4) Foreign sources:- These are broadly divided into two type :-
a)External Borrowing:-These include loans obtained at concessional
rates of interest with long maturity period .The major sources of
concessional loan is –International Monetary Fund , All India
Consortium , World Bank etc.
b)Foreign Investment:-The foreign invest in our country are
generally done in form of Foreign Direct Investment(FDI) or
through foreign collaborations.
10. Business Finance
Types of capital requirement in business finance:-
1)Fixed Capital:- Fixed capital represent the requirement of
capital for meeting the permanent or long term financial needs.
It is primarily used for acquiring fixed asset like land , building
, plant & machinery etc. Investment in fixed capital is long –
term commitment and the amount is invested cannot be
withdrawn quickly.
Factor affecting fixed capital requirement:-
a)Nature of business
b)Type of products
c)Size of business
d)Process of production
e)Methods of acquiring fixed assets
11. Business Finance
2) Working capital requirement:-Working capital represents the
amount of fund invested in current assets like debtors , stock-in-
trade and cash required for meeting day to day expenses , paying
wages rent salary etc. It is also known as circulating capital
because most of the amount invested in current asset is
continuously recovered through realization of debtor and cash
sale of goods, and is re-invested in current assets.

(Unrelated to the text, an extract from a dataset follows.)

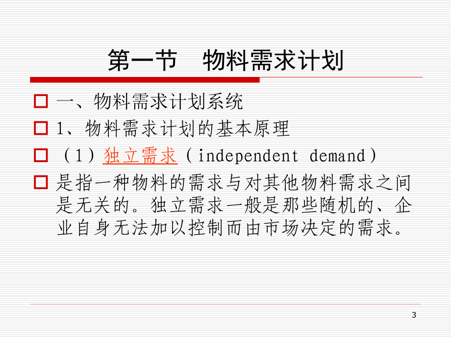单击此处编辑母版标题样式,单击此处编辑母版文本样式,第二级,第三级,第四级,第五级,*,第六章 制造资源计划与企业资源规划,一、教学目标,1,、掌握独立需求和相关需求的概念;,2,、理解,MRP,系统的基本构成和原理;,3,、掌握,MRP,的基本计算过程;,4,、理解,MRP,和,MRP,的异同;,5,、了解,ERP,系统的运作过程及与,MRP,的不同。,二、教学难点与重点,1,、批量规则;,2,、,MRP,的基本计算过程。,1,本章的章节结构,第一节 物料需求计划,第二节 制造资源计划,第三节 企业资源计划,2,第一节 物料需求计划,一、物料需求计划系统,1,、物料需求计划的基本原理,(,1,),独立需求,(,independent demand,),是指一种物料的需求与对其他物料需求之间是无关的。独立需求一般是那些随机的、企业自身无法加以控制而由市场决定的需求。,3,(,2,),相关需求,(,dependent demand,),是指一种物料的需求与其他物料的需求具有内在的相关性。这种相关性表现在空间、时间与数量三个方面。,4,2,、开环物料需求计划系统的构成,最初的,MRP,系统是一个开环系统,该系统是由主生产计划(,MPS,)子系统、物料清单(,BOM,)维护子系统、库存管理(,IM,)子系统与物料需求计划(,MRP,)编制子系统四部分组成。,5,6,开环物料需求计划系统的构成,(,1,)主生产计划子系统,(,2,)产品结构资料维护子系统,(,3,)库存管理子系统,(,4,)物料需求计划编制子系统,7,产品结构资料维护子系统,产品结构树,是以树状图形式描述产品结构。通常为了方便计算物料需求量,要求树状图按照最低层级规则(,lower level coding,)绘制,即将构成产品的各种物料按其隶属关系分为不同的层级,这样,上、下层级的物料为母子项关系。,8,产品结构资料维护子系统,物料表,产品结构树能直观地描述产品内各种物料的结构关系,但其图形方式不便于计算机处理。物料表是用表格形式表示构成产品的各种物料的结构关系。,物料表包括,多级物料表,和,单级物料表,。多级物料表为矩阵式表格,由于存在数据冗余,需占用较多的空间。此外,对物料项进行修改时,需要重新编制新的表格。为了避免这些缺点,可将其拆分为单级物料表。,9,10,库存管理子系统,库存管理子系统包括了所有半成品、毛坯及原材料等库存物料数据资料。,该数据资料分为两类:,主数据:说明物料的基本特征,如物料代码、名称、材料、单价、供应来源等;,辅助数据:变动数据,如现有库存量、最小储备量等。,11,物料需求计划编制子系统,该系统是,MRP,系统的核心部分,它是建立在主生产计划子系统、产品结构资料维护子系统以及库存管理子系统的基础上进行编制的。,12,二、,MRP,的基本计算过程,计算,MRP,时,从,0,级开始,由上而下,逐层进行。,1,、计算项目,(,1,)总需求量或毛需求量,G,j,(t),表示对物料,j,在,t,周期预计需求量。,(,2,)计划到货量(或计划入库量),S,j,(t),表示订购或已生产,预计在计划周期,t,内到货入库的物料数量。,13,(,3,)可用库存量,H,j,(t),表示在满足本期总需求量后,剩余的可供下一个周期使用的库存量。计算公式为:,H,j,(t)=H,j,(t-1)+S,j,(t,),+P,j,(t)-,G,j,(t),14,(,4,)净需求量,N,j,(t),当可用库存量不够满足当期总需求量时,即,H,j,(t),小于零,其短缺部分就转化为净需求量。,N,j,(t)=G,j,(t)-H,j,(t-1)-S,j,(t),-P,j,(t),15,(,5,)计划订货量,P,j,(t),一般净需求量,N,j,(t),就是生产批量或订货批量,但考虑到生产的经济性及其他生产约束条件,需要按批量规则将净需求量,N,j,(t),调整为生产批量或订货批量,P,j,(t),。,16,(,6,)计划投入量,R,j,(t,),投入生产或提出采购的数量,其数量与计划订货量相同,但时间需要按计划订货量的时间反推一个提前期,即,R,j,(t,),P,j,(t,L),17,2,、,MRP,的计划因子,(,1,)计划期与计划周期计划期是指相临两次,MRP,计算的时间间隔,它是由若干个称为计划周期的小时间段组成。计划周期长度的大小反映了,MRP,的细致程度,并与整个计算工作量成反比,一般取其为一周。,(,2,)提前期,(,3,)批量规则,18,静态批量规则,a,固定批量法,b,经济订货批量,19,动态批量规则,a,固定订货间隔期法,b,直接批量法,c,最小总成本法,20,最小总成本法(,Groff,法),将未来若干期的需求量合并为一批,比较由于合并带来的订货成本的节省量与由此导致的保管成本增加量。若前者大于或等于后者,则合并;否则,不合并。称两者相等时累计的库存量(存货数量与存货时间的乘积以,E,来表示)为临界库存量。,设每次订货费用为,C,,单位产品每周期的保管费为,H,,未来各期的净需求量为,Q,i,。则:,C=(HQ,2,+2HQ,3,+,+kHQ,k+1,)=EH,则,E=C/H=Q,2,+2Q,3,+,+kQ,k+1,21,例:设某产品的成本为,100,元,保管费用为,1,,订货费用为,100,元,未来各期的净需求量如表,6-1,所示。试按照最小成本法批量规则计算每次订货数量。,未来各期的净需求量,周期,1,2,3,4,5,6,7,8,9,10,11,12,净需求量,35,10,0,25,20,0,30,10,30,40,0,20,22,按最小成本法算例,周期,需求量,预定批量,k,LQ,1,35,35,0,2,10,45,1,10,3,0,2,4,25,70,3,85,5,20,20,0,6,0,1,7,30,50,2,60,8,10,60,3,90,9,30,30,0,10,40,70,1,40,11,0,2,12,20,90,3,100,23,(4),安全库存,安全库存主要是为了应付市场波动及供应商的不可靠性而设置的库存量。,3,、,MRP,的输出报告,4,、,MRP,系统的更新,(,1,)重新生成方式,(,2,)净变更方式,24,5,、,MRP,计算举例,某工厂批量生产家用电器,产品系列中有,A,、,B,两种产品,其结构树如图,6,6,所示。表,6,3,是从库存管理子系统得到的产品,A,、产品,B,及所属物料的库存记录数据。

Factors affecting working capital requirement:-
a)Nature of business
b)Size of business
c)Length of production cycle
d)Credit policy
e)Seasonal fluctuation
12. Business Finance
Some important term we need to know:-
Capitalisation:-It refer to the amount at which a company is valued
based on its capital employed or it can be defined as par value of a
company’s shares and debentures . It can be also defined as the process
of determining the amount of capital required by a company.
Over- Capitalisation:-A company is said to be over capitalised if
capital employed is more then the requirement.
Under-Capitalisation:-A company is said to be under capitalised if its
capital employed is less then its proper capitalisation.